Reputation: 868
My string:
<div class="sect1" id="s9781473910270.i101">
<div class="sect2" id="s9781473910270.i102">
<h1 class="title">1.2 Summations and Products[label*summation]</h1>
<p>text</p>
</div>
</div>
<div class="sect1" id="s9781473910270.i103">
<p>sometext [ref*summation]</p>
</div>
<div class="figure" id="s9781473910270.i220">
<div class="metadata" id="s9781473910270.i221">
</div>
<p>fig1.2 [label*somefigure]</p>
<p>sometext [ref*somefigure]</p>
</div>
Objective: 1.In the string above label*string
and ref*string
are the cross references. In the place of [ref*string]
I need to replace with a
with the atributes of class
and href
, href is the id of div
where related label*
resides. And class of a
is the class of div
a
element class and ID is their relative div
class names and ID. But if div class="metadata"

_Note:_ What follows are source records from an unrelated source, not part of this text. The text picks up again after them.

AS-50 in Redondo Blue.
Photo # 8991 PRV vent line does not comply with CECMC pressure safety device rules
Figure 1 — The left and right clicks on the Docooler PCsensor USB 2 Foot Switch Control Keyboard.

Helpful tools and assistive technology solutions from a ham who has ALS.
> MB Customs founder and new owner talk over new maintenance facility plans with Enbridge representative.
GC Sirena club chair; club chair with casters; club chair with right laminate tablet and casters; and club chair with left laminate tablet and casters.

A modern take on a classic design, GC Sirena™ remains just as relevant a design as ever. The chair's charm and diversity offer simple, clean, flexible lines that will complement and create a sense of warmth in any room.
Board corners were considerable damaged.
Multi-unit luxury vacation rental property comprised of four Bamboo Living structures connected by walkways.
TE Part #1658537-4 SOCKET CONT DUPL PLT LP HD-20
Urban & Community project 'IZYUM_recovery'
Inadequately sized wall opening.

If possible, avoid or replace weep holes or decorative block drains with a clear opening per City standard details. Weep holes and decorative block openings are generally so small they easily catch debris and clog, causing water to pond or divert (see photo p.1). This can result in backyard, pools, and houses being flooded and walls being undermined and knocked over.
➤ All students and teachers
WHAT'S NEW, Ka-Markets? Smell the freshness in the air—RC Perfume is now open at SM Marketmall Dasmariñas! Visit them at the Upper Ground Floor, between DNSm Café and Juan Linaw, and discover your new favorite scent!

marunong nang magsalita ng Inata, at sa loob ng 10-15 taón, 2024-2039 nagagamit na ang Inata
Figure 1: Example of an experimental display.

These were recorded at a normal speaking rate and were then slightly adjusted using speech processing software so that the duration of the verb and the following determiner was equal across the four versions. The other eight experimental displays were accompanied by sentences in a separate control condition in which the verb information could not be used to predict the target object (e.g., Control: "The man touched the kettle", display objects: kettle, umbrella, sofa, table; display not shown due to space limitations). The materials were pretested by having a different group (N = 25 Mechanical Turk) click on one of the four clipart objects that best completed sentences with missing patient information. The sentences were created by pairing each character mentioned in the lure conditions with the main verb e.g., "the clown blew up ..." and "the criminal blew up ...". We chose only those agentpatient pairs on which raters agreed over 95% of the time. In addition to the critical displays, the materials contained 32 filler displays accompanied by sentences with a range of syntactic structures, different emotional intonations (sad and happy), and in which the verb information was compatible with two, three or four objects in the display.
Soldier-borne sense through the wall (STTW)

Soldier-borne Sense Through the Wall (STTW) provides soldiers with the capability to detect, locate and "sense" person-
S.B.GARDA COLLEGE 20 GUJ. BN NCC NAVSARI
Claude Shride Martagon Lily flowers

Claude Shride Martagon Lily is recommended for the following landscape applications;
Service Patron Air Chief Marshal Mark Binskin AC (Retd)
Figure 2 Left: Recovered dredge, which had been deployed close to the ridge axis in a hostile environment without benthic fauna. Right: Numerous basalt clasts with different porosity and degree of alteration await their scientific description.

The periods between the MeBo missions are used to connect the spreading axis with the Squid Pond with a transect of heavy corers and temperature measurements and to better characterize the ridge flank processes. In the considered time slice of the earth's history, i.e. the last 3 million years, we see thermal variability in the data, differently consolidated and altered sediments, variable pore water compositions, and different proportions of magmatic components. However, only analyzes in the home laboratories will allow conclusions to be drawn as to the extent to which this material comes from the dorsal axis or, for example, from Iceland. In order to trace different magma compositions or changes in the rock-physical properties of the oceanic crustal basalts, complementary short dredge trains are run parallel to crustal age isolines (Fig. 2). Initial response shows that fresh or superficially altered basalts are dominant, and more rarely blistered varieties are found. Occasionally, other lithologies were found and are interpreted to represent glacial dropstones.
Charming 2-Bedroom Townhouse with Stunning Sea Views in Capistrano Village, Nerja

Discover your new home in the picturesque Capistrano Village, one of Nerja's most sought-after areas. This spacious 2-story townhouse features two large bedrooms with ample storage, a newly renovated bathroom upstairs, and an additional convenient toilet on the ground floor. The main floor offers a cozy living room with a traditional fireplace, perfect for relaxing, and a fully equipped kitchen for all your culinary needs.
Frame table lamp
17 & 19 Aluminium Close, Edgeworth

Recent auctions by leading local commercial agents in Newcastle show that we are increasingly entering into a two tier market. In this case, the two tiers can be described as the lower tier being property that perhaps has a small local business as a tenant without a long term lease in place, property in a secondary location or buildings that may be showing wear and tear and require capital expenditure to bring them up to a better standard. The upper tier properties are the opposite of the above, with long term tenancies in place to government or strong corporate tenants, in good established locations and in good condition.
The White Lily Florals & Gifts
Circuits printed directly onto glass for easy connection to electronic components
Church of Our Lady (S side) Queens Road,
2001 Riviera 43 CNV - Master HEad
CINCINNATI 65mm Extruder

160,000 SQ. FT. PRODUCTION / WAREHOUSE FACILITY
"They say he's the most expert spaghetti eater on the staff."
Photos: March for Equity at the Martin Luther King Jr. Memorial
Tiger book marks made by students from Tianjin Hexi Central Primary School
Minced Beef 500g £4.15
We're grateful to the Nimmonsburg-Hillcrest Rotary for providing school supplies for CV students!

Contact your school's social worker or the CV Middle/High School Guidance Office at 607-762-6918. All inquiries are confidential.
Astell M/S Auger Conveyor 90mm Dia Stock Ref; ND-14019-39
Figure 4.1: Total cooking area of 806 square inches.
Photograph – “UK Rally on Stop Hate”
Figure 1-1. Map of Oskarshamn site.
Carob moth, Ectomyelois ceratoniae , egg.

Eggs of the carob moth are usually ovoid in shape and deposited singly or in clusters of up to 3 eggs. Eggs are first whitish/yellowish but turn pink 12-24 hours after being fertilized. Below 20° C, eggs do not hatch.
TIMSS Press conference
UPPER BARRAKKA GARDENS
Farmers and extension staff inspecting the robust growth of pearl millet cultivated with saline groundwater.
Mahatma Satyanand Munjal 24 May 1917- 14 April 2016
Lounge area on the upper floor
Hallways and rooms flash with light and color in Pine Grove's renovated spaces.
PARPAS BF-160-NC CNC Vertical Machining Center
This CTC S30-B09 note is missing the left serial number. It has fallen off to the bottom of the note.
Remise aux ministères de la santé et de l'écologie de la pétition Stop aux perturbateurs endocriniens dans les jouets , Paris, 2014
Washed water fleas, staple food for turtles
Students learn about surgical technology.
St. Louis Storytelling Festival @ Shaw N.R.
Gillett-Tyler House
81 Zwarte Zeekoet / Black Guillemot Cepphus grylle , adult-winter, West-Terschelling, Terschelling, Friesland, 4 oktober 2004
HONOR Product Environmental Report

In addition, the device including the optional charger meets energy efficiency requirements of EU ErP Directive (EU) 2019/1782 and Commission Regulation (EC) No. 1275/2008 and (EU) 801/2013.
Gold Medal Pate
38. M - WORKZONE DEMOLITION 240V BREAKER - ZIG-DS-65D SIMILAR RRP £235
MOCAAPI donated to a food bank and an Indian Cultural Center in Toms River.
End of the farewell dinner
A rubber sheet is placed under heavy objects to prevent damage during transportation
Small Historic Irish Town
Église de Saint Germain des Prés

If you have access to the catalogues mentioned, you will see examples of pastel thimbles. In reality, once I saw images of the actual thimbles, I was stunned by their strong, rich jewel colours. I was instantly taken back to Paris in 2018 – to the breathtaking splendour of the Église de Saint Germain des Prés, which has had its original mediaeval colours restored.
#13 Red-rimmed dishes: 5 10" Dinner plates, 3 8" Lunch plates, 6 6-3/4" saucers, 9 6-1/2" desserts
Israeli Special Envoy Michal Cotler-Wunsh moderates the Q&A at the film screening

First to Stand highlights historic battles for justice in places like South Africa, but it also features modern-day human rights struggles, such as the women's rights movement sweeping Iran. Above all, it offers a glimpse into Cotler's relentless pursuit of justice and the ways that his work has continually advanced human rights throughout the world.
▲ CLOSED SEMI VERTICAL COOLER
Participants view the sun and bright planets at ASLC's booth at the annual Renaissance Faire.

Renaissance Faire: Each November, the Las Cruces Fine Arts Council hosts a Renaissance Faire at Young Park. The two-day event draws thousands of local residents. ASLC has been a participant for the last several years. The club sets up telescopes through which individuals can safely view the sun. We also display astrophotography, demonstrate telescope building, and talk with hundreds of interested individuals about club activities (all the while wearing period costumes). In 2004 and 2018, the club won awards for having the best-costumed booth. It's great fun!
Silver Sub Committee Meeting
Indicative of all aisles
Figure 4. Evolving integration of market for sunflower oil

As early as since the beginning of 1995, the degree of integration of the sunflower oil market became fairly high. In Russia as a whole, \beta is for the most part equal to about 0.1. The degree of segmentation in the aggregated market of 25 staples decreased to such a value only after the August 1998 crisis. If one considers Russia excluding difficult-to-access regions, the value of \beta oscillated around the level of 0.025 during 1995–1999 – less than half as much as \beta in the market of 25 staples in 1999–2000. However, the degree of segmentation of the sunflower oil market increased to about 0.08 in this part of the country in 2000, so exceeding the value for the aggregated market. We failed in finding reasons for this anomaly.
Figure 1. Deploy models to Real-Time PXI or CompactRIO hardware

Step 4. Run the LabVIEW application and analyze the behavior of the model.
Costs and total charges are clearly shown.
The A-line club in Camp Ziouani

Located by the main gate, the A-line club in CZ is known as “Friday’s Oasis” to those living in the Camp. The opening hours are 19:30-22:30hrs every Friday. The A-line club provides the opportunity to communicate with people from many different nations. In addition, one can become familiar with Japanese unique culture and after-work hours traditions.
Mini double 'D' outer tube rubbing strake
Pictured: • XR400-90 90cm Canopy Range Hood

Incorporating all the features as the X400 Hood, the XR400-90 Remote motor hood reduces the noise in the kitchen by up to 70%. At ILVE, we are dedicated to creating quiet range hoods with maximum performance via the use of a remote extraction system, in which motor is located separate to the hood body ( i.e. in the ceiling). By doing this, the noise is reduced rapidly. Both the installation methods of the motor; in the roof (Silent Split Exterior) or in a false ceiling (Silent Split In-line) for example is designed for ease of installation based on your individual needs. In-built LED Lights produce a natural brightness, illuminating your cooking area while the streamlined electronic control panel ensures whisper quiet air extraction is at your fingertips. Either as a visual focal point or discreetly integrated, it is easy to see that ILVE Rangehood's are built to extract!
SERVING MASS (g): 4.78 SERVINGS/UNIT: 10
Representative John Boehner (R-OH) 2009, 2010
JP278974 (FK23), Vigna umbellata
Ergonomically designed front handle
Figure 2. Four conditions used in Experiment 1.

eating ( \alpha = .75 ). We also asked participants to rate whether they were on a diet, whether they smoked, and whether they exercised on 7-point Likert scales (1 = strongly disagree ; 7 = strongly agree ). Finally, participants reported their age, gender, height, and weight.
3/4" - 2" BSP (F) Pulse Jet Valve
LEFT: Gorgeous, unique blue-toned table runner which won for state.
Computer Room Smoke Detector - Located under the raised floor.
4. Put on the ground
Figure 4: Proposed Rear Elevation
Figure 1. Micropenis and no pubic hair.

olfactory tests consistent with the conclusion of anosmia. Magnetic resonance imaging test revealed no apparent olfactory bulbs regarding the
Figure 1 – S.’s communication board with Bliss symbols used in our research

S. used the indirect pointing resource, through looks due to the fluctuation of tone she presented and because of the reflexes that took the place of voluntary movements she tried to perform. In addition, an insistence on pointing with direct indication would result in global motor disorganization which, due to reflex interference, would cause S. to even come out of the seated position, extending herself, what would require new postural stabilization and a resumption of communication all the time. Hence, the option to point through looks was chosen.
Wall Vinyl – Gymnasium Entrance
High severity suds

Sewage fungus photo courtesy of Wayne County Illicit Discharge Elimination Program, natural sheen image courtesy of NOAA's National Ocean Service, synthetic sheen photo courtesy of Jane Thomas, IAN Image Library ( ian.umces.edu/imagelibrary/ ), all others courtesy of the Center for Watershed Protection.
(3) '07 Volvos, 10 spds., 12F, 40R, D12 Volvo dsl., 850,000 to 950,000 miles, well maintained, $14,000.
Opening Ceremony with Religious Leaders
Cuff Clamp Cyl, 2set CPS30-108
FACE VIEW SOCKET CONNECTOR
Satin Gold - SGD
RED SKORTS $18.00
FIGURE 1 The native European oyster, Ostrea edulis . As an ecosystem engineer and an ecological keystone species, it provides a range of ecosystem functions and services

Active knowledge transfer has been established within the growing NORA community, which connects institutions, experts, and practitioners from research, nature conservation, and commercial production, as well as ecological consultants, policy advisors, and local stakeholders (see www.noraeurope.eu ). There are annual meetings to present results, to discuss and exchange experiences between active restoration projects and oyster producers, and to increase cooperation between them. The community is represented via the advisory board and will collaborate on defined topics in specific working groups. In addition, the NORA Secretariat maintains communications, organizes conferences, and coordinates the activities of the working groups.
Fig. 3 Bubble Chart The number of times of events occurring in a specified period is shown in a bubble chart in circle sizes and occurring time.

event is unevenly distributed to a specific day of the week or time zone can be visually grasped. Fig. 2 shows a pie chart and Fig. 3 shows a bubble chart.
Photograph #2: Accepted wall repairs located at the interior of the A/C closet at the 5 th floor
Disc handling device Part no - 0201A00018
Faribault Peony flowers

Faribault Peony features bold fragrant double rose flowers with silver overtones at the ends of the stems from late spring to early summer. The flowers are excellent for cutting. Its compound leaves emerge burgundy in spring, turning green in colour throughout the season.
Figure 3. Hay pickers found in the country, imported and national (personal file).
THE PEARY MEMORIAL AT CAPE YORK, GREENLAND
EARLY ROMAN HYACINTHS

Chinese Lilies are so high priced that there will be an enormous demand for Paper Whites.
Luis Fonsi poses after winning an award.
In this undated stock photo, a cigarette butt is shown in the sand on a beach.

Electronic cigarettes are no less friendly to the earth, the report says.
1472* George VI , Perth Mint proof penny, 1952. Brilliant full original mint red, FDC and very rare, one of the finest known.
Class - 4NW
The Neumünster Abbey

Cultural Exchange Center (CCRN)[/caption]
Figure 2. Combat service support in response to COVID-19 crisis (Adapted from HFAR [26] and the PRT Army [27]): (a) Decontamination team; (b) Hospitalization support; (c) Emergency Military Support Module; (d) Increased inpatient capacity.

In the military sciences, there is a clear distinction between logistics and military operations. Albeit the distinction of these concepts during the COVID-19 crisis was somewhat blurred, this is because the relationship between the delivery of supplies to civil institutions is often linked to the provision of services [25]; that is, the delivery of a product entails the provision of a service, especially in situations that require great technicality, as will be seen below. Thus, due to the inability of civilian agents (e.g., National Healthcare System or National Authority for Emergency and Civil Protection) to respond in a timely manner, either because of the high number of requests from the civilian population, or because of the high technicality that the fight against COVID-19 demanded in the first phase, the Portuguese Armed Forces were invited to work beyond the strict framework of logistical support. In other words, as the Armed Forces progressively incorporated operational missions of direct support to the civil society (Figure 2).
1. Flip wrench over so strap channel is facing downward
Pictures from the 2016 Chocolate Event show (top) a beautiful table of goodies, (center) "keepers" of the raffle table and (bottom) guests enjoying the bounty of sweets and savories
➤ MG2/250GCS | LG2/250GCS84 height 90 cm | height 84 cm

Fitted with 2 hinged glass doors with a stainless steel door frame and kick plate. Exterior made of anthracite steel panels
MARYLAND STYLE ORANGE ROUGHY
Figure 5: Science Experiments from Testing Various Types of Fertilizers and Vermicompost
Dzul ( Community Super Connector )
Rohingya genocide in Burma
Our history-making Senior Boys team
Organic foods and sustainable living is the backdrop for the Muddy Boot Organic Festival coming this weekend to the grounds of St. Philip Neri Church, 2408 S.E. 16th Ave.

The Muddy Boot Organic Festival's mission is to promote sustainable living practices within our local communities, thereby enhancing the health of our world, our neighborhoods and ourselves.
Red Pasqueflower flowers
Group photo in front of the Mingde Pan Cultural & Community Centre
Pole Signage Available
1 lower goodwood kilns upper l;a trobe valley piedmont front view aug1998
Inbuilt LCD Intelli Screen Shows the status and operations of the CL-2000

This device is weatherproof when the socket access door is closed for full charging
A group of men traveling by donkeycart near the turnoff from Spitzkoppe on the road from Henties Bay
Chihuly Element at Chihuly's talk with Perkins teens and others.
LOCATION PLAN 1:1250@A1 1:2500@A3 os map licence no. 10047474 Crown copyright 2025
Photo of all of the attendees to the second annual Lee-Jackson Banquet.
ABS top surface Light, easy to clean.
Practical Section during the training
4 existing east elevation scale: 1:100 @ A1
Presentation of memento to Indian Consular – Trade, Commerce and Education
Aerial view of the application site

exists, need to ignore it should not take their class name and ID.Expected output:
<div class="sect1" id="s9781473910270.i101">
<div class="sect2" id="s9781473910270.i102">
<h1 class="title">1.2 Summations and Products[label*summation]</h1>
<p>text</p>
</div>
</div>
<div class="sect1" id="s9781473910270.i103">
<p>sometext <a class="section-ref" href="s9781473910270.i102">1.2</a></p>
</div>
<div class="figure" id="s9781473910270.i220">
<div class="metadata" id="s9781473910270.i221">
<p>fig1.2 [label*somefigure]</p>
</div>
<p>sometext <a class="fig-ref" href="s9781473910270.i220">fig 1.2</a></p>
</div>
How to do it in simpler way without using DOM parser?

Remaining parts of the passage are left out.